Gli appuntamenti, ospitati nel tempio di via Ivrea, hanno offerto momenti di profondo valore storico e spirituale. L’evento centrale si è svolto sabato 7 marzo con la conferenza “I valdesi nel Chivassese: dal 1875 ai giorni nostri. Dall’Evangelo della libertà ai diritti umani”. Ad aprire i lavori è stata la pastora Joylin Galapon, che ha accolto i presenti introducendo il senso profondo di questo anniversario.

Chivasso celebra la storia valdese 

A guidare il pubblico in un percorso nella storia della presenza valdese nel Chivassese sono stati Gino Lusso, già docente di Geografia politica, e Daniele Garrone, presidente della Federazione delle Chiese Evangeliche in Italia e del Centro Culturale Protestante di Torino. Nel loro intervento hanno ricostruito le diverse fasi attraversate dalla comunità valdese, ricordando come a periodi di persecuzione e discriminazione sia seguita, nel tempo, una progressiva accettazione all’interno della società. 

Uno sguardo al presente è arrivato con l’intervento della moderatrice della Tavola Valdese, Alessandra Trotta, che ha proposto una riflessione sulla Chiesa valdese di oggi e sulle sfide che la attendono. Nel suo intervento ha sottolineato anche il ruolo delle donne nella comunità valdese, richiamando lo slogan “Pane e libertà”, utilizzato da molte donne del Medio Oriente come simbolo di dignità, diritti e autodeterminazione. 

L’incontro si è concluso con il saluto del vicesindaco Claudio Centin, intervenuto a nome del Consiglio comunale di Chivasso, che ha espresso la vicinanza delle istituzioni alla comunità valdese e il valore della sua presenza nella storia del territorio. Tra i presenti anche la consigliera regionale Gianna Pentenero. 

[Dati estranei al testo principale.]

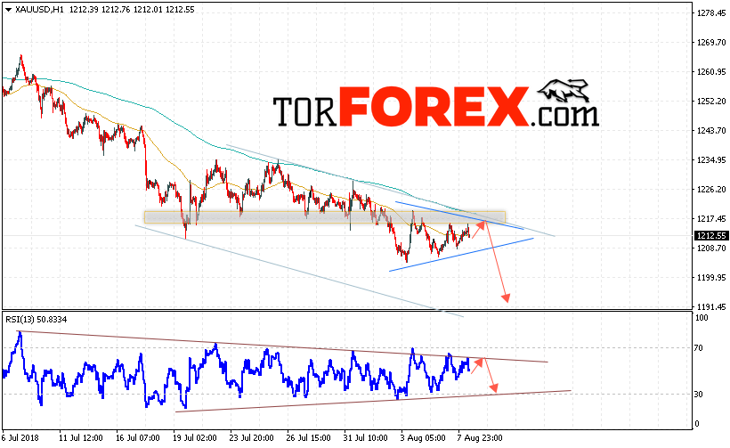 Таким образом, XAU/USD прогноз цен на Золото на 9 августа 2018 предполагает попытку теста области сопротивления вблизи уровня 1217 и продолжения падения котировок с целью ниже уровня 1190, отменой варианта падения цен на Золото выступит пробой уровня 1225, что укажет на выход котировок за пределы нисходящего канала, в этом случае стоит ожидать продолжения роста в область выше уровня 1255.
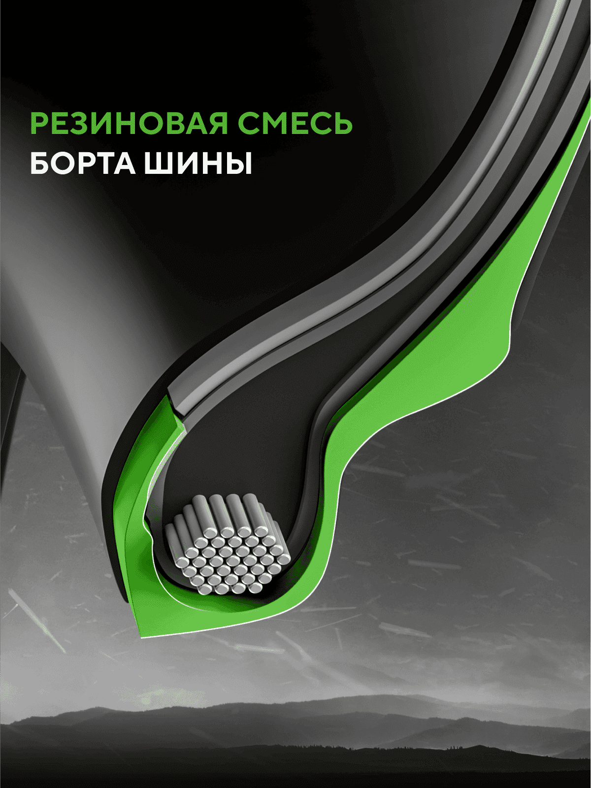 Состав резиновой смеси борта шины позволяет амортизировать и снижать вибрации шины во время движения. Особая форма навивки бортового кольца облегчает монтирование шины и вместе с тем надежно удерживает шину на ободе.

Le celebrazioni proseguono domenica 8 marzo con il culto di ringraziamento e la celebrazione della Santa Cena, guidati dalla pastora Joylin Galapon insieme alla moderatora Alessandra Trotta. A seguire si terrà il concerto del Riforma Brass Ensemble, accompagnato dai maestri Franco Chiarini e Antonio Iannarone, prima del momento conviviale che concluderà la giornata. 

L’anniversario offre così l’occasione per ripercorrere una storia fatta di difficoltà, conquiste e libertà difese nel tempo. Dal primo tempio costruito a Torrazza Piemonte alla comunità che oggi continua a riunirsi a Chivasso, la presenza valdese nel territorio resta una testimonianza significativa di un cammino che intreccia fede, diritti e memoria.